Al-Marri described the report as a first-of-its-kind to be published by a United Nations (UN) agency, condemning the siege countries and document the worst violations due to their arbitrary procedures and measures.
“The report unequivocally affirms that the measures taken by the siege countries are arbitrary and unilateral which also explicitly violate international law and the principles of international relations and human rights conventions.
“The report asserts that what happened in Qatar is not only the severance of diplomatic relations but the violations amount to collective punishment.
“The report added that the violations that the citizens, residents and GCC citizens who reside in Qatar face, are not allegations as stated by the siege countries, but are facts confirmed by conclusive evidence,” al-Marri said.
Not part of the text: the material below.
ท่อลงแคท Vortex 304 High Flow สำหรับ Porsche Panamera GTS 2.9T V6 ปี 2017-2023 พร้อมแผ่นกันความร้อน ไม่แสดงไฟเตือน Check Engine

The NHRC chairman reiterated that the report is an important legal reference which will reflect the diplomatic and legal moves, regionally and internationally.
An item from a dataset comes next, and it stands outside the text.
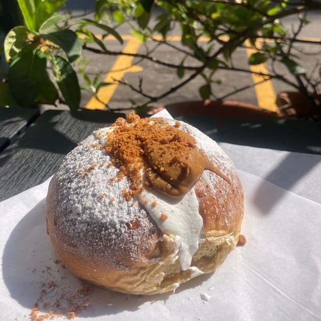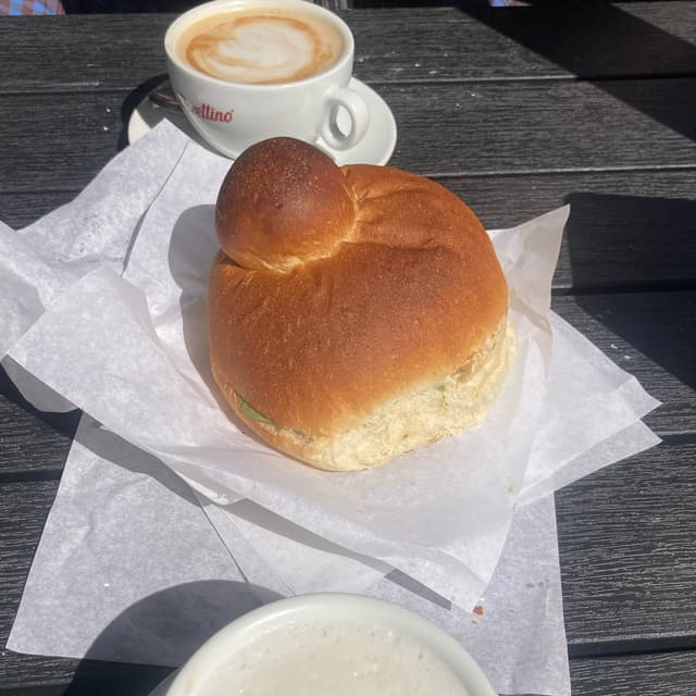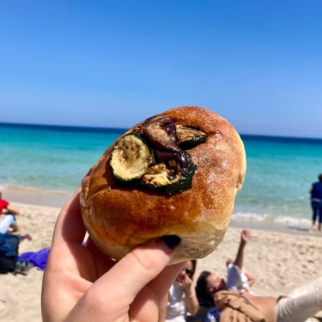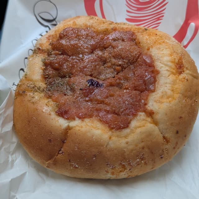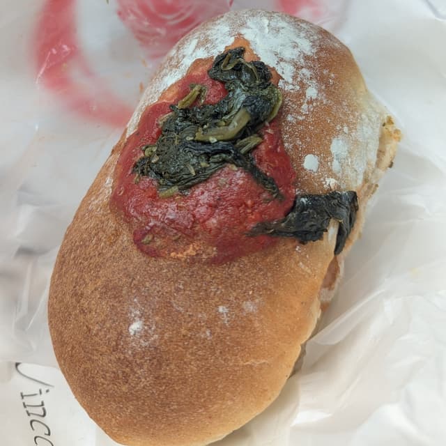 Pizzetta fritta, impasto squisitissimo e sofficissimo. Condimento molto originale, mescola vari sapori: quel pezzo sopra è una specie di tonno veg, finocchietto, besciamella e non ricordo che altro. Mi è piaciuto ma fino a un certo punto perchè ci sono abbinamenti un po' particolari, ma adoro che trovo sempre pizzette nuove che sperimento sempre con piacere. Da provare tutto quello che preparano, perchè c'è tanta varietà di rosticceria e dolcetti.

“It also demonstrates the siege countries' lack of intention to alleviate the suffering of the victims, but there is persistence and intransigence from those countries to aggravate the humanitarian situation,” he added.
Al-Marri called on the OHCHR to take further steps on all levels of international human rights mechanisms and the UN Human Rights Council (UNHRC), to raise the issue of the siege's repercussions in the general report of the Secretary-General of the UN, the report of the High Commissioner for Human Rights at the next session of the UNHRC and the reports of UN special rapporteurs to the UNHRC.
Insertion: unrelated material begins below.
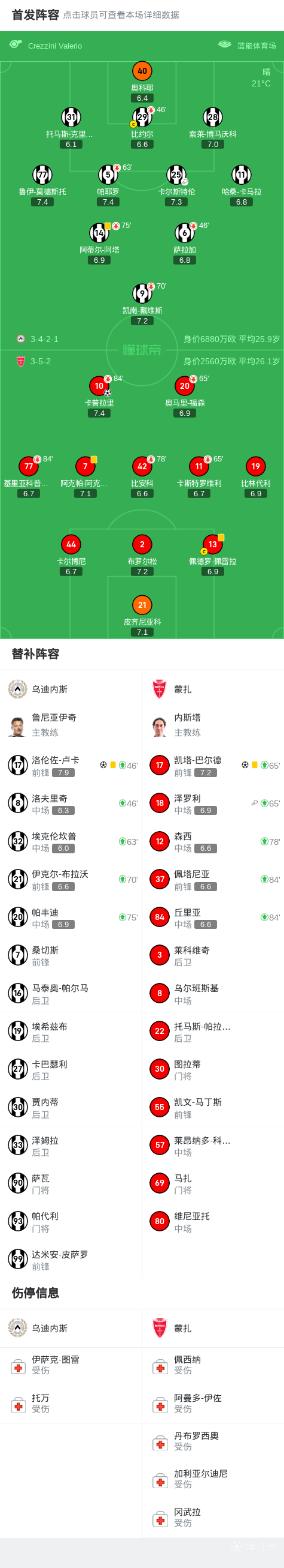 第75分钟,乌迪内斯球员卡尔斯特伦助攻洛伦佐-卢卡打入一球。

He also called on the OHCHR to communicate with specialised international agencies such as the International Labour Organisation, Unesco, World Trade Organisation and International Civil Aviation Organisation with the aim of sharing information and support complaints against the siege countries.
Al-Marri called for rapid action to address the issues of siege victims and invite the technical mission to visit the four blockading countries, to find out the effects of the siege on their citizens and citizens of Qatar.
The NHRC chairman pointed that the UN Office of High Commission for Human Rights will hold a meeting with its Department of Special Procedures to hand over the cases to the UN Special Rapporteurs, according to their competence. It will also meet with the diplomatic missions of the siege countries to the UN in Geneva to inform them of the report.
The report of the substantive mission of the OHCHR officially described the measures taken by the siege countries as arbitrary unilateral measures, in accordance with the UN definition and standards, pointing out that they were unequal and racist and that such measures were not officially reported and had no legal motives.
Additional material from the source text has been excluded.